-- Source data --
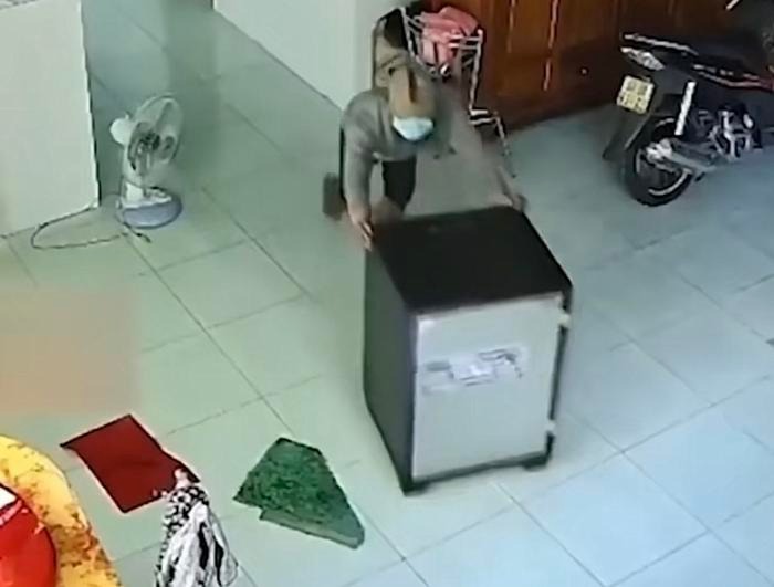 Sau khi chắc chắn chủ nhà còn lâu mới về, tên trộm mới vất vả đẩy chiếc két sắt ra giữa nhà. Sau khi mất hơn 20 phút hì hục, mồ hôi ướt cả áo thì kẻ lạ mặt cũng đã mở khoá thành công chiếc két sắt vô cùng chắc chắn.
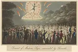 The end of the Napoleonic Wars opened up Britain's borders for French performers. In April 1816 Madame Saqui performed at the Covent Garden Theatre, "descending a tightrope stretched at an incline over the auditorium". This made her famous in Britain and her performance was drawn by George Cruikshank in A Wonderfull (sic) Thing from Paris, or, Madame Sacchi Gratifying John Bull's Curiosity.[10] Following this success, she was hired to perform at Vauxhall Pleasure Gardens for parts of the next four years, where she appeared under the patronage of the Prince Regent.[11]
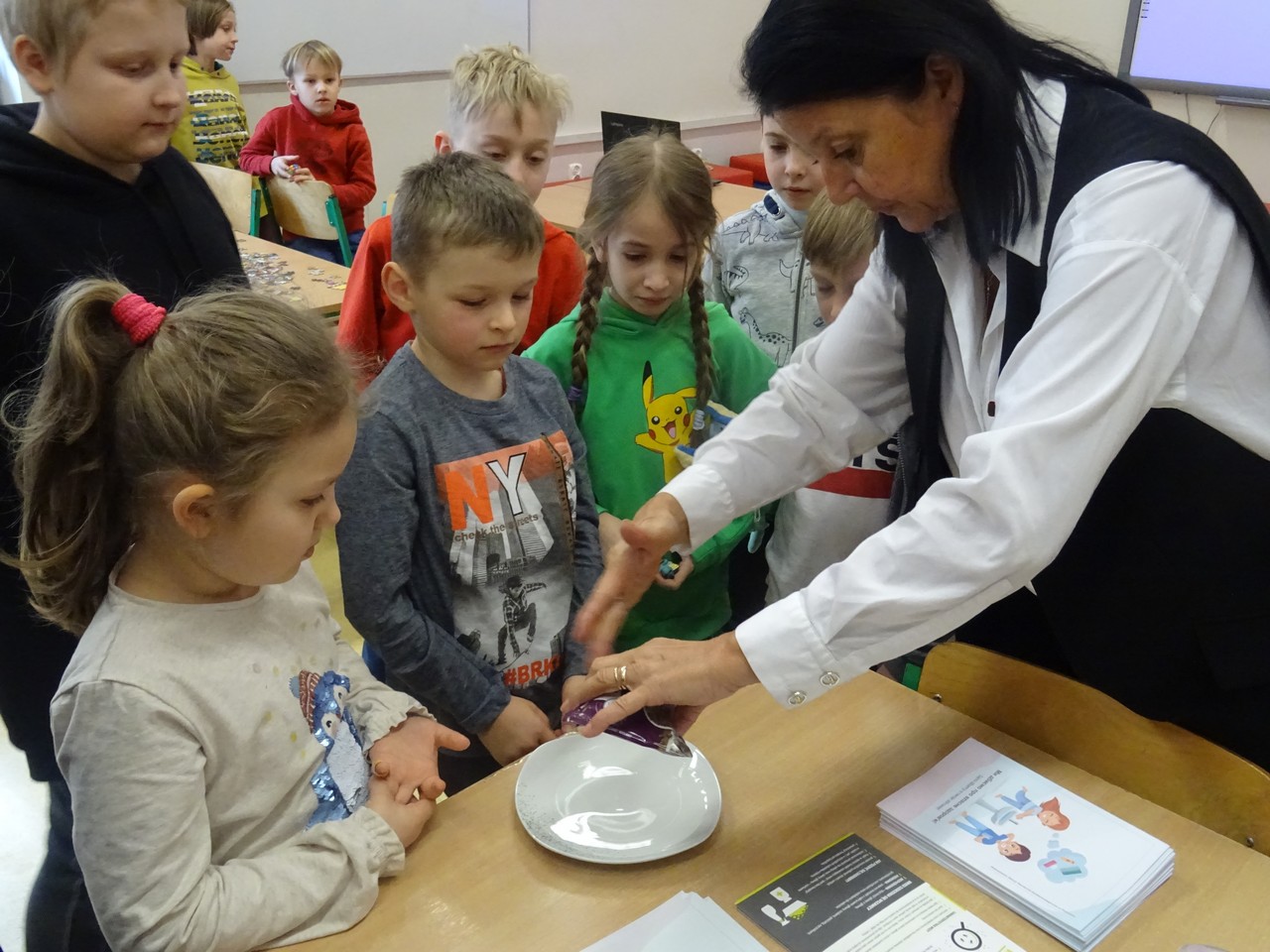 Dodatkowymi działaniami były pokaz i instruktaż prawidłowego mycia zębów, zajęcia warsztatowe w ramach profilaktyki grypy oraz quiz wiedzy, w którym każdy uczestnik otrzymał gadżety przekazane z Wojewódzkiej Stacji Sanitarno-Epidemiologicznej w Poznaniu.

-- Task goal --
When you retype the material above, copy each line exactly and drop whatever images appear in it.

-- Solved problem --
 Sau khi chắc chắn chủ nhà còn lâu mới về, tên trộm mới vất vả đẩy chiếc két sắt ra giữa nhà. Sau khi mất hơn 20 phút hì hục, mồ hôi ướt cả áo thì kẻ lạ mặt cũng đã mở khoá thành công chiếc két sắt vô cùng chắc chắn.
 The end of the Napoleonic Wars opened up Britain's borders for French performers. In April 1816 Madame Saqui performed at the Covent Garden Theatre, "descending a tightrope stretched at an incline over the auditorium". This made her famous in Britain and her performance was drawn by George Cruikshank in A Wonderfull (sic) Thing from Paris, or, Madame Sacchi Gratifying John Bull's Curiosity.[10] Following this success, she was hired to perform at Vauxhall Pleasure Gardens for parts of the next four years, where she appeared under the patronage of the Prince Regent.[11]
 Dodatkowymi działaniami były pokaz i instruktaż prawidłowego mycia zębów, zajęcia warsztatowe w ramach profilaktyki grypy oraz quiz wiedzy, w którym każdy uczestnik otrzymał gadżety przekazane z Wojewódzkiej Stacji Sanitarno-Epidemiologicznej w Poznaniu.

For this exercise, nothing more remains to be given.